Bitcoin and Ethereum are two of the most popular cryptocurrencies on the market today. This post will explore how they work, who created them, and what each offers to consumers. We'll also touch on some of the advantages and disadvantages of using these currencies in daily life.
Bitcoin:
Bitcoin is a decentralized, peer-to-peer digital currency that has no physical form or intrinsic value. The goal for this design was to create a way for people who don't know each other to trust one another without using intermediaries such as banks (which charge high fees).
Pros:
When sending bitcoins, there are no transaction fees, so the cryptocurrency is often used to complete international money transfers.
You can easily store or hold your coins in any digital wallet of your own choice.
The supply of bitcoin is limited - only 21 million coins will ever exist - which means it could potentially increase in value if demand continues to grow over time (and people don't lose their wallets with all their Bitcoins). Disadvantages of Bitcoin: The blockchain behind the technology has been known for its incredible energy consumption and slow processing speeds. This makes it difficult for consumers that want fast transactions times with low fees.
Cons:
The blockchain behind the technology has been known for its incredible energy consumption and slow processing speeds. This makes it difficult for consumers that want fast transactions times with low fees.
Some people argue cryptocurrencies should not be used as a store of value since they are too volatile to guarantee their long-term worth compared to more traditional currencies like gold or U.S Dollars.
Bitcoin Cash was founded in 2017 when a segment of the Bitcoin world got dissatisfied with high processing fees and saw the need for the latest iteration of bitcoin that handled these issues while retaining all other qualities such as confidentiality and data integrity. However, since this split happened so recently, there is still some confusion around Bcash: whether it's just another coin on par with BTC (like Litecoin) or an entirely different cryptocurrency altogether (like Ethereum).
Ethereum:
Ethereum is a decentralized framework that executes blockchain networks, which are apps that function precisely as planned with no interruption, censoring, deception, or 3rd interaction. These apps can be built by anyone and help to govern everything from exchange trading to voting systems, inventory management, and the sharing economy (such as Uber or Airbnb).

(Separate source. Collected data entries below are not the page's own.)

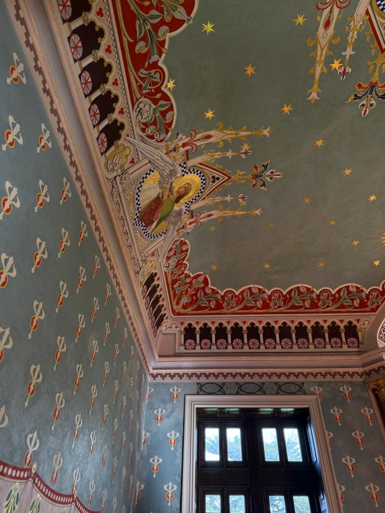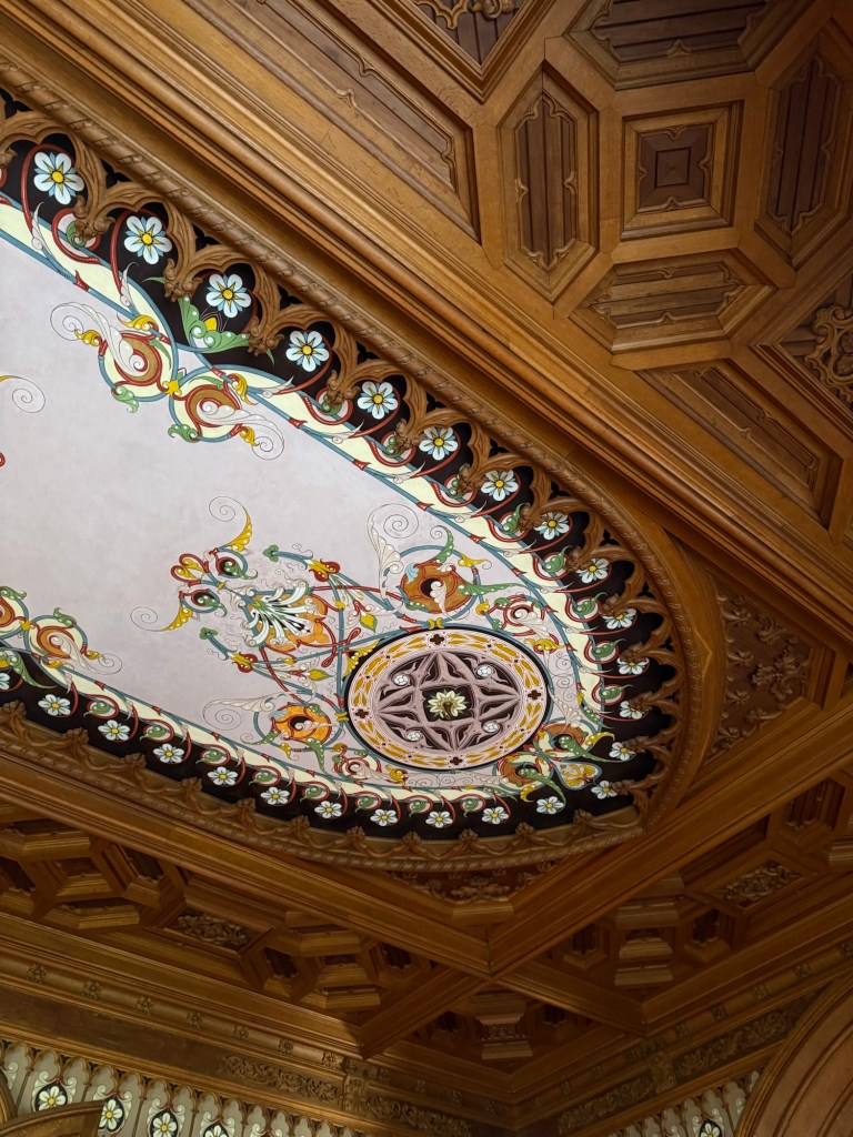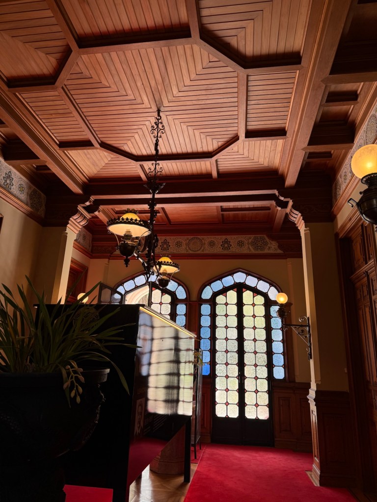 But at the palace doors we were handed plastic foot coverings. Bending down and balancing on one foot to put them on wasn’t an easy option for me. Fortunately the proferror of these Manolos was kind enough to help me slip them on and then we were allowed to view the rather beautiful elements of the art nouveau house. Not very big as palaces go, but enormous for a private house.
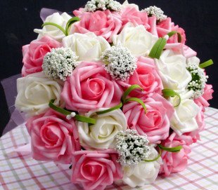 [Neustadt] ウェディングブーケに バラ 造花の ブーケ (ホワイト×ピンク)
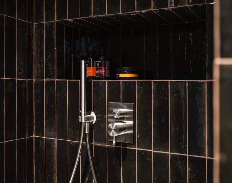 La douche et les WC sont discrètement dissimulés dans une “boîte” sombre, volontairement contrastée, comme un volume à part. Ce traitement permet de rythmer la pièce, tout en préservant une certaine élégance fonctionnelle. Le textile, encore une fois, n’est pas oublié : rideaux, linge, textures douces viennent compléter l’ensemble, avec toujours cette idée de confort discret, et de détail juste.
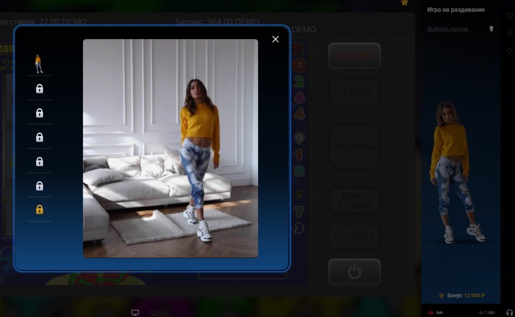 • Игра на раздевание (18+) — позволяет раздевать красивую девушку как бонус к выигрышу

Since its release in 2015, Ethereum has become the second-largest cryptocurrency by market cap. Unlike Bitcoin or other cryptocurrencies that are created to function as a store of value, Ether was built with additional features such as smart contracts and decentralized apps (or apps) that help developers automate their software.
Pros:
The platform operates on an open-source network, meaning no third parties can charge fees for transactions.
Many apps have been created using this technology, including CryptoKitties - one of the first blockchain games where users could breed virtual cats. Although slow speeds made playing difficult at times, these problems were fixed after implementing off-chain solutions so more transactions could be processed at once.
Cons:
Like Bitcoin, Ethereum is a public platform that utilizes blockchain technology. Unfortunately, this means it has the same scaling issues as BTC - making transactions slow and costly at times.

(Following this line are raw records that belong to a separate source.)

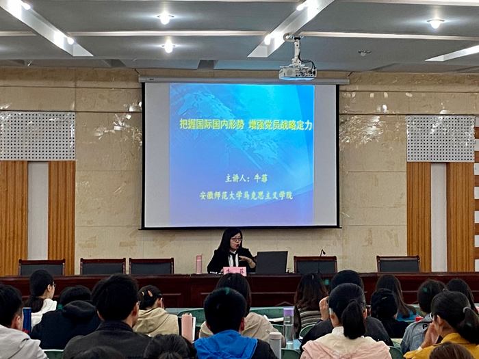 本网讯(文/吴雅洁 摄/张叶蕾)马院牛菲副教授应邀于财务处二楼报告厅为学生党员讲授“把握国际国内形势,增强党员战略定力”党课。金沙城js9线路检测中心与经管学院,马克思主义学院全体学生党员共同聆听了此次党课。
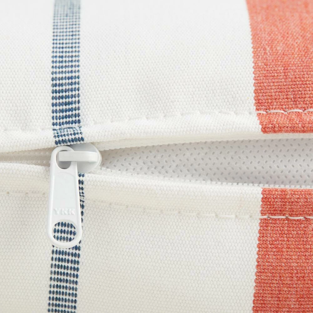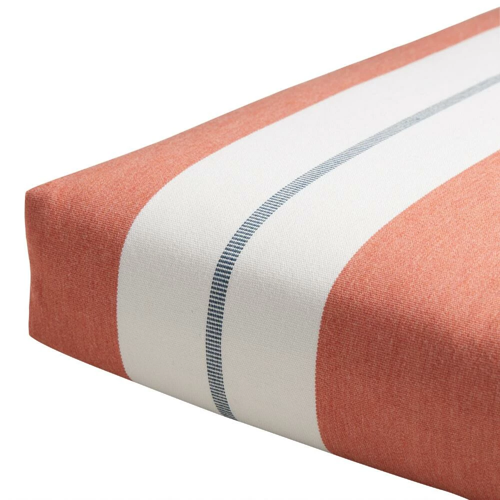 With a washed-terracotta, white and gray striped Sunbrella cover, our custom-made cushion updates the look and feel of your favorite seat. Sunbrella performance fabric is crafted of highly saturated, U.V.-stable pigments that don’t fade, it resists mold and mildew and is durable and easy to clean. Since 1961 Sunbrella has produced innovative materials while striving to make minimal impact on the environment and never sacrificing beauty or style.
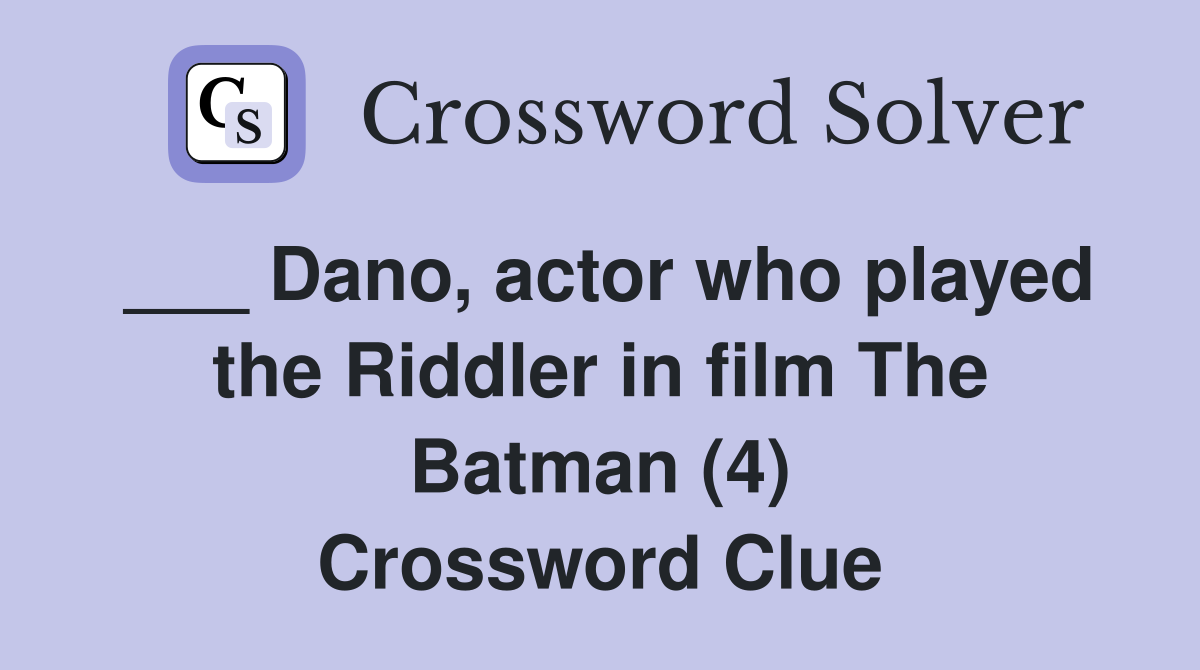 Dano actor who played the Riddler in film The Batman (4) Crossword

Ethereum also runs on its programming language, Solidity, which developers must learn to create apps or intelligent contracts. It's not an easy language for beginners, so this could be another barrier stopping some people from adopting cryptocurrency as their method of choice for transacting value online.

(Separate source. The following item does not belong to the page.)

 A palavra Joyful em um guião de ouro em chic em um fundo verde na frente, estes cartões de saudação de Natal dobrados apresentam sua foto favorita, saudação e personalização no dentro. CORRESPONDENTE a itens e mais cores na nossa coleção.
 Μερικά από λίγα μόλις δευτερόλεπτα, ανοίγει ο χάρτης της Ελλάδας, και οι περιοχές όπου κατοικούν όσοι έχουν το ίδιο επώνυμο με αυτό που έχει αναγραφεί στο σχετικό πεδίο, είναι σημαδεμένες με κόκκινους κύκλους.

Bitcoin or Ethereum: Which is best?
This is ultimately a matter of opinion, and the answer will depend on what you want to use cryptocurrency for. If you're seeking a viable means of exchange with rapid, affordable exchanges that can be used as everyday money, Bitcoin could be for you. On the other hand, some people argue cryptocurrencies should not be used as a store of value since they are too volatile to guarantee their long-term worth compared to more traditional currencies like gold or U.S Dollars.